The aerospace engineering aspect of this project is on designing, building, and integrating the tools (i.e. the flying vehicles) we use in the demonstration and practical sessions. We plan to build remote-controlled model planes and eventually autonomous unmanned aerial vehicles (UAVs), uniquely designed for demonstration purposes. We plan to integrate live-streaming video (e.g. FPV), GPS navigation, and other capabilities to make things more exciting.

Detailed analysis on the flight performance of these UAVs will need to be done, not only for the formality of the design process and to simulate the flight behavior, but also to show to the secondary school students that we can use math to predict how these planes will fly even before they take-off. That'll be eye-opening and motivating to the students, I guess, when they see that the maths they are learning at school actually have some real applications.

Another engineering aspect of the project is on designing what tools to be used for the students in their hands-on activities.
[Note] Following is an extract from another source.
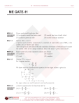 GATE/ME-2011 ME : MECHANICAL ENGINEERING Page 1 __________________________________________________________________________________________________________ ME GATE-11 MCQ 1.1 GATE ME 2011 ONE MARK Green sand mould indicates that (A) polymeric mould has been cured (B) mould has been totally dried (C) mould is green in color (D) mould contains moisture SOL 1.1 Option (D) is correct. A green sand mould is composed of a mixture of sand (silica sand, SiO 2 ), clay (which acts as binder) and water. The word green is associated with the condition of wetness or freshness and because the mould is left in the damp condition, hence the name “ green sand mould”. MCQ 1.2 Eigen values of a real symmetric matrix are always (A) positive (B) negative GATE ME 2011 ONE MARK SOL 1.2 (C) real (D) complex Option (C) is correct Let a square matrix x y A => y xH We know that the characteristic equation for the eigen values is given by A − λI = 0 x−λ y =0 y x−λ (x − λ) 2 − y2 = 0 (x − λ) 2 = y2 x − λ =! y & λ = x ! y So, eigen values are real if matrix is real and symmetric. MCQ 1.3 GATE ME 2011 ONE MARK A series expansion for the function sin θ is 2 4 3 5 (B) θ − θ + θ − ... (A) 1 − θ + θ − ... 3! 5! 2! 4! (C) 1 + θ + θ + θ + ... 2! 3! 2 3 (D) θ + θ + θ + ... 3! 5! 3 5 __________________________________________________________________________________________________________ Visit us at www.gategurus.com | Email: enquiry@gategurus.com SCO - 18, 2nd Floor, Sector 26, Madhya Marg Chandigarh - 160019 Ph.: 0172-5026826 | Mob: +91-98723 86826, +91-94646 43471, +91-99158 31219 GATE/ME-2011 ME : MECHANICAL ENGINEERING Page 2 __________________________________________________________________________________________________________ SOL 1.3 Option (B) is correct. We know the series expansion of 3 5 7 sin θ = θ − θ + θ − θ + ...... 7 3 5 MCQ 1.4 A column has a rectangular cross-section of 10 # 20 mm and a length of 1 m. The slenderness ratio of the column is close to (A) 200 (B) 346 GATE ME 2011 ONE MARK (C) 477 SOL 1.4 (D) 1000 Option (B) is correct. Given : l = 1 meter , b = 20 mm , h = 10 mm We know that, Slenderness ratio = l k k = Where, MCQ 1.5 GATE ME 2011 ONE MARK SOL 1.5 I = A bh3 /12 b#h Substitute the values, we get 1 20 (10) 3 # 10−12 20 # 10−3 12 # # = k = −6 12 # 10 # 20 10 # 20 # 10 = 8.33 # 10−6 = 2.88 # 10−3 m 1 Slenderness ratio = = 347.22- 346 2.88 # 10−3 Heat and work are (A) intensive properties (B) extensive properties (B) point functions (D) path functions Option (D) is correct. Work done is a quasi-static process between two given states depends on the path followed. Therefore, 2 ! W2 − W1 2 = W1 − 2 or 1W2 #1 dW But, #1 dW dW shows the inexact differential So, Work is a path function and Heat transfer is also a path function. The amount of heat transferred when a system changes from state 1 to state 2 depends on the intermediate states through which the system passes i.e. the path. 2 #1 dQ = Q1 − 2 or 1Q 2 dQ shows the inexact differential. So, Heat & work are path functions. MCQ 1.6 GATE ME 2011 ONE MARK +0.015 +0.010 A hole is of dimension φ9+0 mm. The corresponding shaft is of dimension φ9+0.001 mm. The resulting assembly has (A) loose running fit (B) close running fit __________________________________________________________________________________________________________ Visit us at www.gategurus.com | Email: enquiry@gategurus.com Brought to you by: Nodia andSCO Company Visit us at: www.nodia.co.in - 18, 2nd Floor, Sector 26, Madhya Marg Chandigarh - 160019 Ph.: 0172-5026826 | Mob: +91-98723 86826, +91-94646 43471, +91-99158 31219 PUBLISHING FOR GATE GATE/ME-2011 ME : MECHANICAL ENGINEERING Page 3 __________________________________________________________________________________________________________ Page 3 ME GATE-11 (C) transition fit www.gatehelp.com (D) interference fit SOL 1.6 Option (C) is correct. In transition fit, the tolerance zones of holes and shaft overlap. Upper limit of hole = 9 + 0.015 = 9.015 mm Lower limit of hole = 9 + 0.000 = 9.000 mm Upper limit of shaft = 9 + 0.010 = 9.010 mm Lower limit of shaft = 9 + 0.001 = 9.001 mm Fig. Fig. Now, we can easily see from figure dimensions that it is a transition fit MCQ 1.7 The operation in which oil is permeated into the pores of a powder metallurgy product is known as (A) mixing (B) sintering GATE ME 2011 ONE MARK (C) impregnation (D) infiltration SOL 1.7 Option (C) is correct. If the pores in a sintered compact are filled with an oil, the operation is called as impregnation. The lubricants are added to the porous bearings, gears and pump rotors etc. MCQ 1.8 The maximum possible draft in cold rolling of sheet increases with the (A) increase in coefficient of friction (B) decrease in coefficient of friction GATE ME 2011 ONE MARK (C) decrease in roll radius (D) increase in roll velocity SOL 1.8 Option (A) is correct. The main objective in rolling is to decrease the thickness of the metal. The relation for the rolling is given by F = μPr Where ; F = tangential frictional force μ = Coefficient of friction Pr = Normal force between the roll and work piece Now, from the increase in μ, the draft in cold rolling of sheet increases. MCQ 1.9 A double-parallelogram mechanism is shown in the figure. Note that PQ is a single link. The mobility of the mechanism is GATE ME 2011 ONE MARK (A) − 1 (B) 0 __________________________________________________________________________________________________________ Visit us at www.gategurus.com | Email: enquiry@gategurus.com Brought to you by: Nodia andSCO Company Visit us at: www.nodia.co.in - 18, 2nd Floor, Sector 26, Madhya Marg Chandigarh - 160019 Ph.: 0172-5026826 | Mob: +91-98723 86826, +91-94646 43471, +91-99158 31219 PUBLISHING FOR GATE GATE/ME-2011 ME : MECHANICAL ENGINEERING Page 4 __________________________________________________________________________________________________________ Page 4 ME GATE-11 (C) 1 SOL 1.9 w

Obviously, when it comes to aerospace, it will have to be about building something that flies. But what, and how complex? That's the interesting part, where we need to think carefully on this practical module so that the students get a real sense of excitement when building something creatively using the newly acquired knowledge they learn in this program. These hands-on activities should also bring into students a sense of exploration, self-discovery, trial-and-error, team-working, and competitiveness (probably within a competition between students to build the best products).

Update 5/2/2014: Students working on designing UAVs in this project will mostly use CEASIOM (Computerised Environment for Aircraft Synthesis and Integrated Optimisation Methods), a new multidisciplinary aircraft design software developed under a large European project through a collaboration of 17 partnerships.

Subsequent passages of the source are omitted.